=== Given data ===

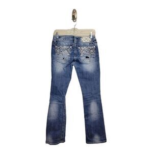 These are distressed regular wash denim with light wash denim down the front and back thighs Miss Me Signature Boot jeans with embellished back pockets and around the lining of the front pockets. These jeans measure 40 inches in length, 33 inches at the inseam, 14 inches at the waist, 18.5 inches at the hips, and 8 inches at the front rise. These jeans are preloved with a small stain and a small tear that are pictured.
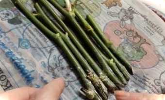 - Змочуємо водою іншу газету і загортаємо живці по діагоналі. Необхідно загорнути так, щоб живці з усіх боків були загорнуті у вологий папір;
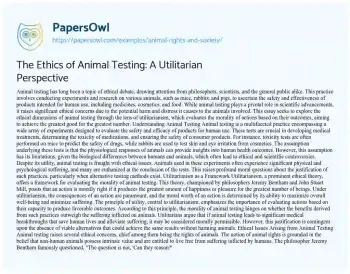 The Ethics of Animal Testing: A Utilitarian Perspective. (2019, Apr 09). Retrieved from https://hub.papersowl.com/examples/animal-rights-and-society/
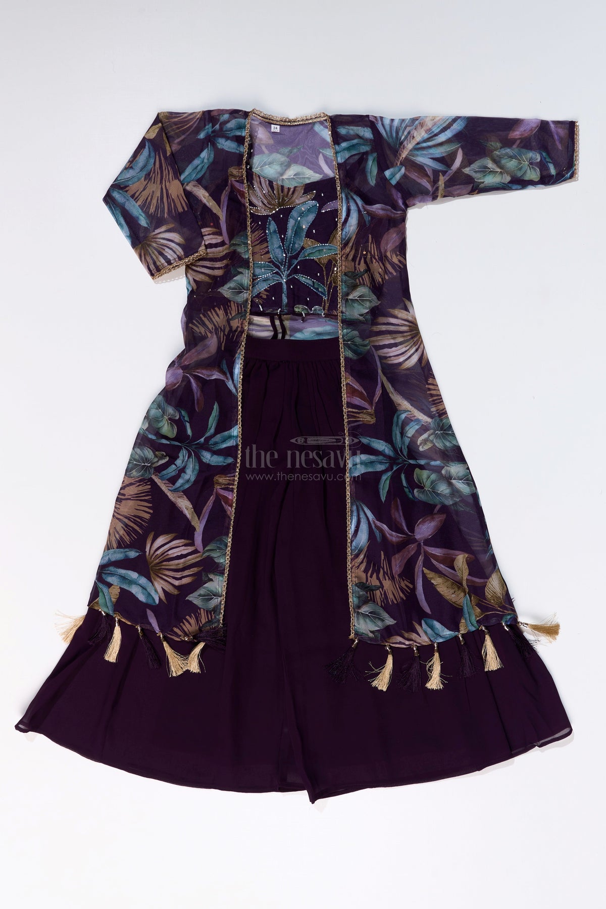 This trendy plazo with top dress is a unique fusion of style and tradition. The outfit features a sleek plazo pant set paired with a sleeveless embroidered top, layered under a stunning digital-printed jacket. The intricate embroidery adds a luxurious feel, while the flowy georgette fabric ensures a soft and airy touch. The jacket’s tasseled edges enhance the overall look, making this ensemble a perfect choice for weddings, family gatherings, and festive occasions.
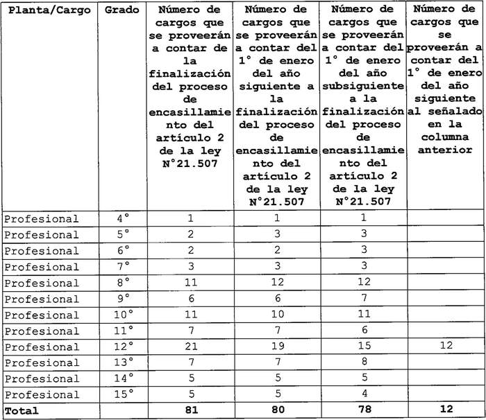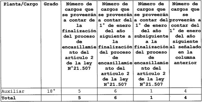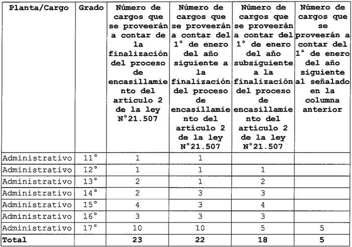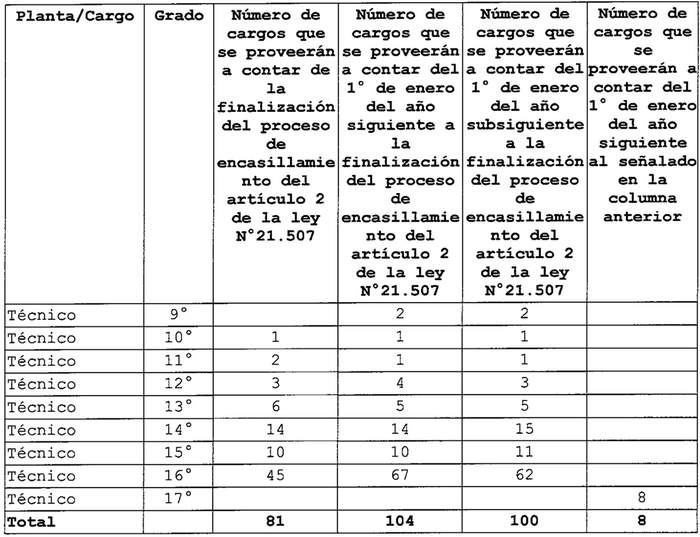 Artículo quinto. Una vez finalizado el proceso de encasillamiento en las plantas de Profesionales, Técnicos, Administrativos y Auxiliares a que se refiere el artículo 2 de la ley Nº 21.507, la provisión de los cargos que a continuación se señalan se realizarán conforme a lo establecido en el artículo 3 de la ley Nº 21.507, de acuerdo a la siguiente gradualidad y reglas:
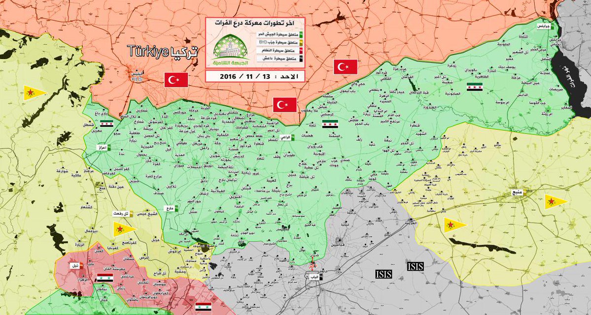 وسيطرت قوات المعارضة على 202 قرية ممتدة على مساحة ألف و620 كيلومتر منذ انطلاق عملية درع الفرات في 24 أغسطس/ آب الماضي، بحسب البيان.
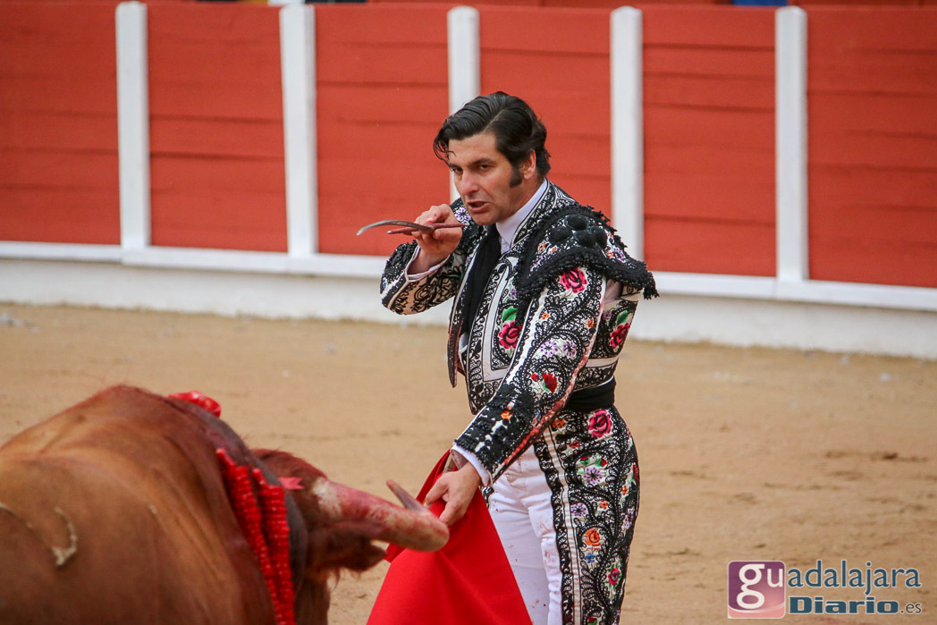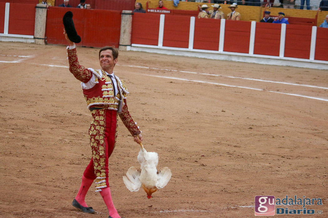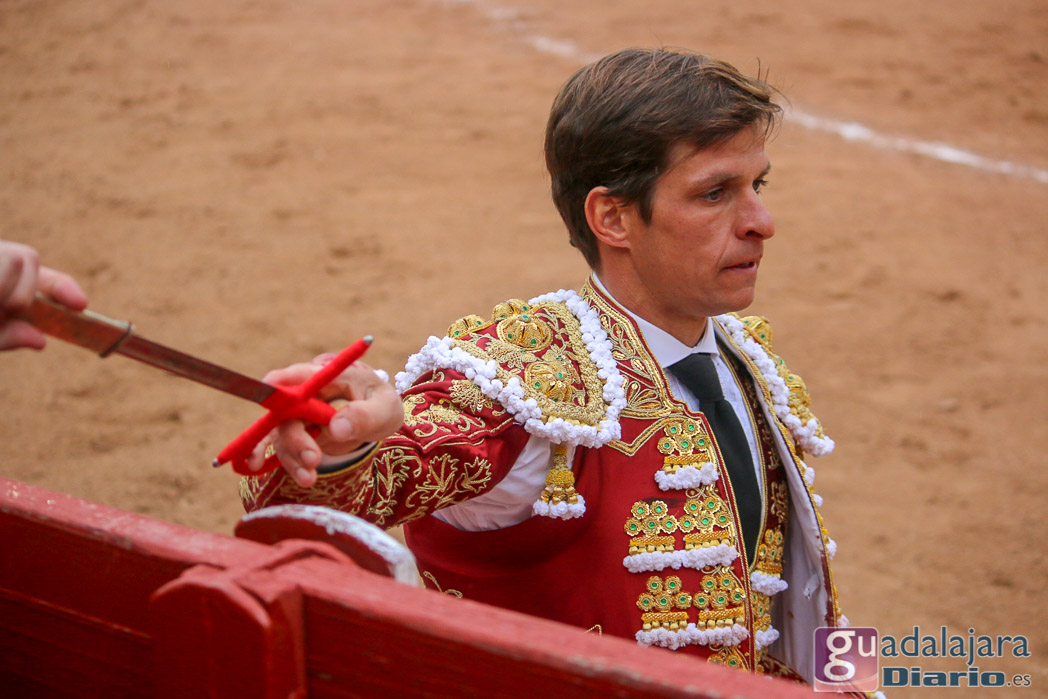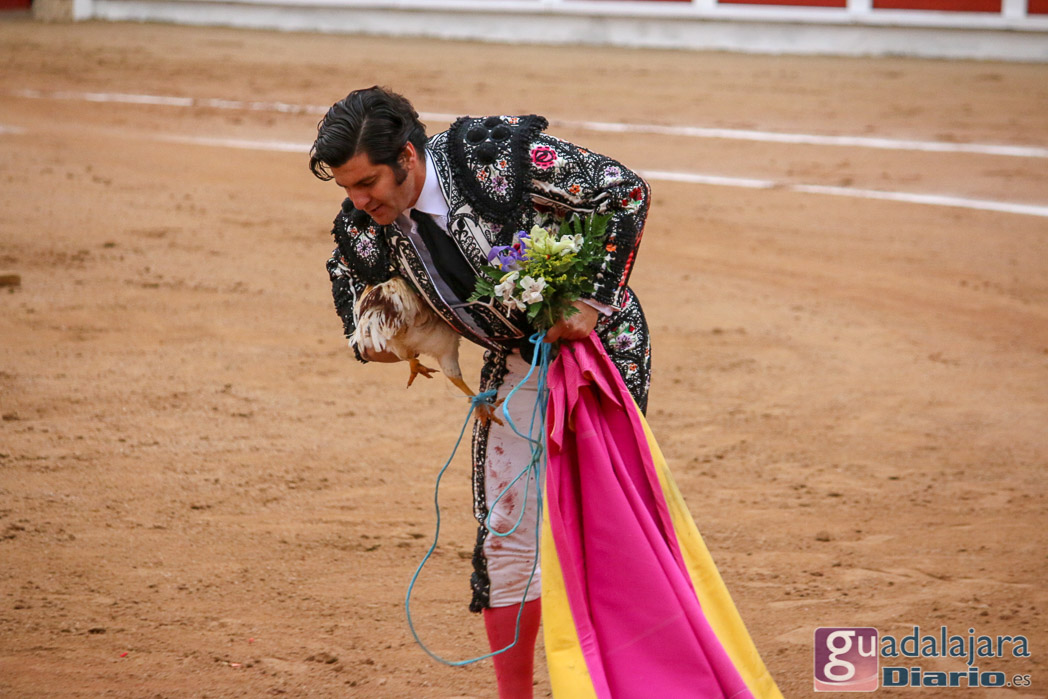 Ángel Téllez salió merecidamente por la puerta grande./ Foto:S. Barra- Guadalajara Diario El torero que tomaba la alternativa se llevó tres orejas pero sobre todo dejó la impresión de ser un torero que puede funcionar. Oreja al “El Juli” en una faena de técnica y temple, y otra a Morante que tuvo que tirar de recursos ante el peor lote. Deslucida corrida de Garcigrande. Galería de fotos en el interior.

===

**Problem description**
Everything from the line with "This trendy plazo" down to the line with "وسيطرت قوات المعارضة" in the data above should be copied exactly, with both end lines kept and the pictures left out.

**Answer to the problem**
 This trendy plazo with top dress is a unique fusion of style and tradition. The outfit features a sleek plazo pant set paired with a sleeveless embroidered top, layered under a stunning digital-printed jacket. The intricate embroidery adds a luxurious feel, while the flowy georgette fabric ensures a soft and airy touch. The jacket’s tasseled edges enhance the overall look, making this ensemble a perfect choice for weddings, family gatherings, and festive occasions.
 Artículo quinto. Una vez finalizado el proceso de encasillamiento en las plantas de Profesionales, Técnicos, Administrativos y Auxiliares a que se refiere el artículo 2 de la ley Nº 21.507, la provisión de los cargos que a continuación se señalan se realizarán conforme a lo establecido en el artículo 3 de la ley Nº 21.507, de acuerdo a la siguiente gradualidad y reglas:
 وسيطرت قوات المعارضة على 202 قرية ممتدة على مساحة ألف و620 كيلومتر منذ انطلاق عملية درع الفرات في 24 أغسطس/ آب الماضي، بحسب البيان.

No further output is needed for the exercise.